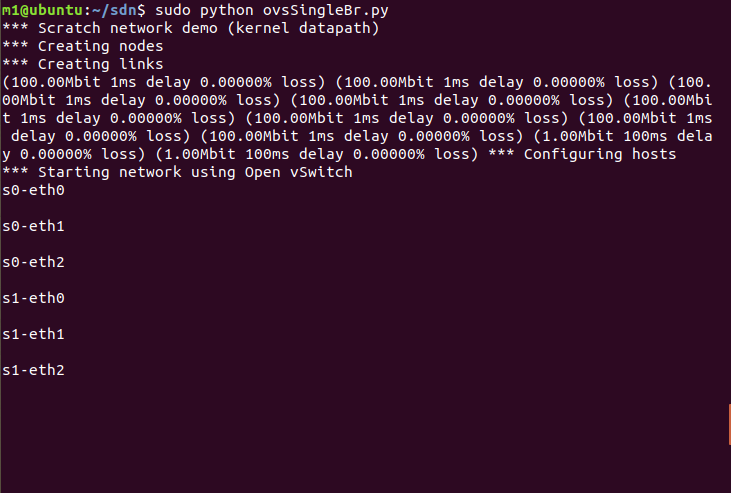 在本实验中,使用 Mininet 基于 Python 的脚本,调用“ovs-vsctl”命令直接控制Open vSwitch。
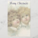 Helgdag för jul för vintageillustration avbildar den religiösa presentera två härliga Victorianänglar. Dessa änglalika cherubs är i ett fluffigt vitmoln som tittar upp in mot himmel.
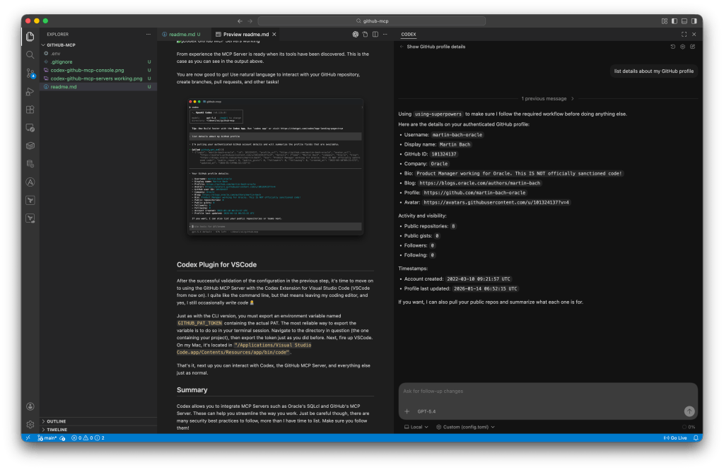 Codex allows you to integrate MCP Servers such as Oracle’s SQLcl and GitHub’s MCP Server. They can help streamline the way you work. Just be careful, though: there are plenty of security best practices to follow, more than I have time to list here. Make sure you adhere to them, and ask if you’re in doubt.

◆ What is required
Output the data above exactly, beginning at its first line and ending with the line that holds "Helgdag för jul". Leave out the pictures and add nothing.

◆ Final answer
 在本实验中,使用 Mininet 基于 Python 的脚本,调用“ovs-vsctl”命令直接控制Open vSwitch。
 Helgdag för jul för vintageillustration avbildar den religiösa presentera två härliga Victorianänglar. Dessa änglalika cherubs är i ett fluffigt vitmoln som tittar upp in mot himmel.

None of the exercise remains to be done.